Он неохотно, пальцами слепыми распустил петлю и, сняв, веревку задумчиво перебирал в руках, по узелкам считая, чтобы не забыть, с какого начал. Шишин не любил, когда к нему входила мать. Мать тоже не любила, если Шишин входит…
«Мать, кстати, тоже можно задушить веревкой, все равно не любит», – подумал он и посмотрел на мать внимательно, с шестого узелка.
– Что вылупился?! Дай сюда! – велела мать и быстро подошла, отобрала веревку. – За хлебом, душегуб, сходи!
Всегда ходил за хлебом Шишин. Постоянно. Как на почту. Каждый день ходил. Как будто мыши в хлебнице на кухне жили.
– Селедочки еще купи. Посолимся, сынок. Сегодня можно, праздник, – объяснила мать, пока возился Шишин в коридоре, пальцем помогая влезть ноге в запя́ть.

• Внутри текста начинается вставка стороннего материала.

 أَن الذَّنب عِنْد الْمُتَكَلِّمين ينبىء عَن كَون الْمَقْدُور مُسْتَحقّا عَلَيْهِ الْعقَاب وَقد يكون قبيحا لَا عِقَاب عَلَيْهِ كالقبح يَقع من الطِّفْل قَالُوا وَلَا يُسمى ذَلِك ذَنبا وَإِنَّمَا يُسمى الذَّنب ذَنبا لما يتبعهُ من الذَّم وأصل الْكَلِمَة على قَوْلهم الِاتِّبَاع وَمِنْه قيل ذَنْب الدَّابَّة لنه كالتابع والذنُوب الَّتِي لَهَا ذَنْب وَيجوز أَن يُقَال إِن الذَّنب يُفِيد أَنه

– Да хоть бы ложку взял, как люди, идиот! – сказала мать.
«Зачем мне ложка, – удивился Шишин, – если я ботинки надеваю?.. И что за праздник, когда нельзя сосисок, колбасы сырокопченой, сала… И кашу с утра перловую дала без молока и без изюма?» – думал он и, взяв протянутую пятисотку, недоуменно посмотрел на мать.
– Иди-иди… Господь с тобой, – сказала мать, и Шишина опять перекрестила.

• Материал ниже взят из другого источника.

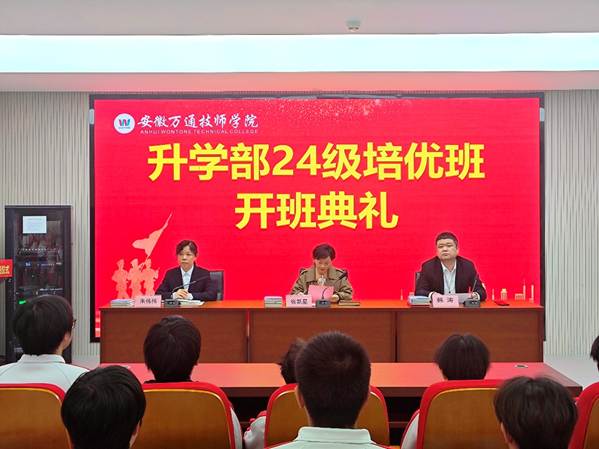 此次开班典礼的成功举办,为 24 级培优班的教学工作注入了强劲动力,也让全体师生更加坚定了携手奋进、全力冲刺的决心。未来,安徽万通技师学院升学部将以培优班为抓手,持续优化升学培养体系,为更多学子搭建通往理想院校的坚实桥梁,助力他们在人生新征程上绽放光彩。

«Живого места нет на теле от креста», – подумал он и, низко натянув собачью шапку, вышел.
Шишин вышел.
Мать за ним закрыла.
В общем коридоре было тесно, пыль на старой мебели лежала, пол прилипал к следам, линолеум вздымался пузырями и, лопаясь, ботинками хрустел. Вверху под потолком на крючьях ржавых висели лыжи, камера велосипедная на них. Он сделал вид для матери, которая всегда в глазок смотрела в спину, что уходит, и вернулся, пятясь, за камерой велосипедной. Встал на табурет, чтоб дотянуться, снял ее и, сжав в руках, по черной лестнице пошел. За хлебом.
На лестничной площадке увидел Шишин ненавистного Бобрыкина, стоявшего спиной к нему, согнувшись. Бобрыкин ненавистный в длинном бархатном халате мусор вытряхивал в контейнер, и страшно, как к покойнику овчарь, выл ветер в мусорной трубе. Тихонько крался Шишин, камеру велосипедную петлей сжимая, и, так же тихо прокравшись мимо, обернулся, добежав до нижнего пролета, и, снизу посмотрев наверх, велосипедной камерой в Бобрыкина швырнул.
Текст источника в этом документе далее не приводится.